- **Work task**:
Once you find the line with "Le secteur interdit", output it and every line after it exactly, through the last line of the listing, but no pictures.

Data extract Block Start

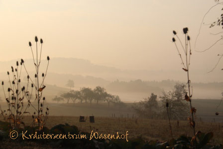 Ein kleiner Hinweis vorab: falls Ihr Browser meine Seite nicht vollständig unterstützt, Sie also nicht alles ganz lesen können, können Sie unter www.mozilla.de den Firefox kostenlos runterladen, damit funktioniert es bestimmt.... Der späte Herbst ist da und es wird schon langsam winterlich im Wasenhof - die letzten bunten Blätter tanzen im Wind, ein paar einzelne Rosen schicken letzte Blütengrüße oder leuchten mit ihren Hagebutten, die Minzen duften noch, auch Moxa und Beifuß sind zu imposanter Höhe gewachsen. Doch es ist kalt geworden, der erste Schnee hatte schon alles bedeckt, es gab schon Eisblumen an den Fenstern (ab -10°C) und die Nebelschleier in den Tälern und das jetzt kalte, klare WinterLicht zeigt den Abscshied vim Herbst - ein neuer WinterZauber lag über unseren Hügeln. Die Tage sind kurz, die langen Nächte kalt und die dunkle Zeit hüllt unsere Erde als ob sie sich nun zur Ruhe legen möchte - immer wieder riecht es nach Winter - (selbst dann, wenn die Sonne, so sie da ist, mit ihrer Wärme gleich wieder einen Hauch von FrühlingsSehnsucht zuläßt) Vielen Dank für Euren Besuch bei unserem AdventsMärktle!! (unserem offenen Hofladen vor dem 1. Advent) Es war soo schön, so viele von Euch noch einmal zu sehen, zu umarmen und gemeinsam einen Punsch zu genießen, schöne Gespräche, viele gute Wünsch und die liebevolle Nähe zu genießen - schön daß es Euch gibt! - schön dass es Dich gibt!! Es ist einfach ein schöner, traditioneller WasenhofAbschluß - ganz herzlichen Dank! Wir sind noch ein paar mal im Wasenhof (falls Du noch was brauchst, melde Dich einfach nochmal per Mail) - am 3.12. ist meine Natalie zum letzten mal im Büro, dann wieder im März 2026. - Dann geht der Wasenhof langsam in seinen Winterschlaf - NeuStart 2026 im Büro ab (Mitte) März. Einige Seminare sind schon fast voll und Du kannst Dich den ganzen Winter über anmelden. Die Anmeldungen werden dann im März bestätigt und, falls ein Seminar schon zu voll ist, dann gelten die Anmeldungen nach ihrem zeitlichen Eingang. Eine Anmeldung ist bei uns eingegangen, wenn bei Dir "vielen Dank...." kommt. Falls Deine Firewall unsere Seite blockiert oder es irgendwie nicht klappt, dann schreib uns einfach ein Mail und schreib, wo Du gerne dabei wärst, dann zählt das Mail als Anmeldeeingang. Das gab es am AdvetnsMärktle: (es wären auch noch ein paar Sachen da.... und falls es Dir in der Woche nicht gereicht hat, dann melde Dich einfach per Mail....) In diesem Jahr hatten wir als Besonderheiten unsere feinen Essige mit Wildbeeren angesetzt, die Sonnenstrahlen eingefangen in Ölen, Balsamen und Tees..., eine schöne Auswahl an PflanzenDuftStövchen (handgetöpferte Unikate aus dem Lautertal), viele schöne und interessante Bücher (auch für Kinder), schöne Kalender, die Aussaattage 2026, unseren feinen Streuobstsaft (diesjahr: Apfel und Apfel-Quitte) - auch der Rose wollen wir diesjahr besonders huldigen und noch vieles mehr wartet darauf von Dir entdeckt zu werden! Wir haben bis dahin auch wieder den feinen Heidehonig - einen wunderbaren Heide-Wabenhonig aus der Korbimkerei von "unserem" Rob, dem BienenkorbFlechtmeister. 2026 kannst Du mit Rob im Wasenhof noch einmal die Kunst der Korbflechterei und die Besonderheiten der Bienenkorb-Imkerei erlernen. Natürlich darf man in dieser Advents-Märktles-Zeit auch durch den Wasenhof schlendern und die Ruhe genießen, einen Punsch trinken, a Schwätzle halten, aufs Hochzeitsbänkle sitzen, über die Spirale gehen - oder einfach den HerzensDank für Frieden und Bewahrung und all das, was wir an Gutem im vergangenen Jahr erleben durften, an Mutter Erde und unseren dreieinigen Vater im Himmel als Segen über die Hügel schicken..... Die Planungen für unser Jubiläumsjahr 2026 sind soweit fertig und fast alles ist auch bereits eingestellt - mit zwei schönen Highlights mit altem Handwerk... Den Start macht das GastSeminar Bienenkorb flechten wieder mit Ante und Rob im April 2026 (10.-12.4.2026) Es ist das Wochenende nach Ostern (auf den weißen Sonntag). Hier lernst Du die alte Stroh-Korbflechttechnik mit der man nicht nur schöne Bienenkörbe machen kann, denn früher wurden so auch Brotkörbe und vieles andere mehr hergestellt. Eine tolle Technik, bei der es sich lohnt sie kennen zu lernen. Ich hoffe sehr, dass das Seminar auch in diesem Jahr stattfinden kann - nutzt diese Chance noch einmal! Und den Abschluß des JubiläumsJahres 2026 wird die einmalige Gelegenheit der natürlichen Ledergerbung (Hirngerbung, am 1.- 4.10.2026) sein. In diesem Seminar werden wir mit einem erfahrenen Ledergerber auf ganz natürliche Weise feines weiches Leder selbst herstellen - diese wunderbare Technik erlernen. Dazu kommt unser Gerber zusätzlich im August die über 500 km über die Alpen gefahren... Da dies viel Vorbereitung bedarf, müssen wir diesmal spätestens Mitte Juli wissen, wer daran teilnehmen möchte, denn dann müssen wir die Felle besorgen und so vorbereiten, dass wir in den wenigen SeminarTagen das ganze Fell in ein schönes Leder verwandeln können. Da ich aus einer LederFamilie komme (mein Opa war Sattler, meine Mama Feintäschner), freue ich mich ganz besonders darauf!! In der darauffolgenden Woche starten unsere Weiden 2025 - einmal am 17.4.2026 morgens das Schneiden, Erkennen der Sorten und vermehren, auch für zuhause. Und daran anschließend die Kreative KräuterWerkstatt Weide der Verarbeitung, der Heilkraft und dem Flechten (Korb, Drehstäbe, Vögelchen oder Herzen... - was man gerne flechten möchte). Da könnte man diesmal auch eine Kreative Wasenhof-Urlaubswoche draus machen - ein ganz spezielles JubiläumsJahresAngebot - für den Anfang und das Ende unseres 20. Kräuterzentrum-Wasenhof-JubiläumsJahres. Das letzte (HPA-)AusbildungsSeminar 2025 war im September das Hausmittel & Organsystemik - mit einer Übersicht über die Zusammenhänge im Körper, damit man leichter die richtigen Kräuter und Hausmittel auswählen und anwenden kann - ein P
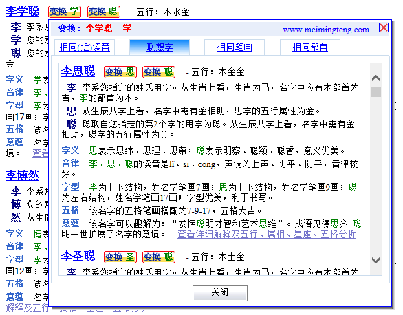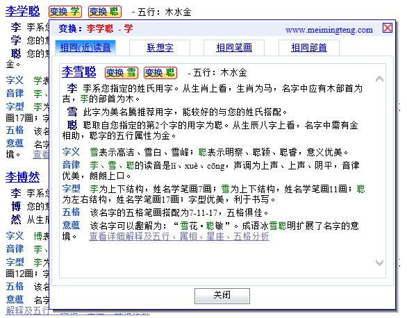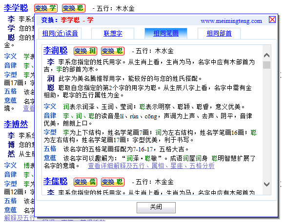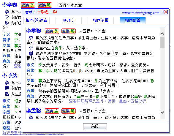 假設(shè)上面這個名字用戶覺得還不錯,但還不是那種十分滿足的類型。您可以點(diǎn)擊名字旁邊的變換按鈕。我們這里假設(shè)對“學(xué)”進(jìn)行變換,通過“同音、同(近)義,相同筆畫(姓名筆畫),相同部首”4個方面進(jìn)行變換可以得到如下名字:
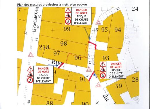 Le secteur interdit au stationnement et à la circulation piétonne et automobile est délimité par les traits rouges sur le plan ci-dessous.
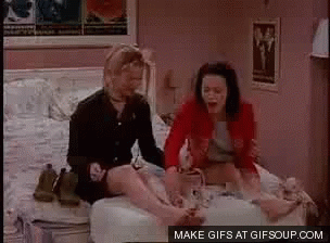 Two friends on a bed react dramatically, possibly during a hot waxing session.

Data extract Block End

- **Result of this exercise**:
 Le secteur interdit au stationnement et à la circulation piétonne et automobile est délimité par les traits rouges sur le plan ci-dessous.
 Two friends on a bed react dramatically, possibly during a hot waxing session.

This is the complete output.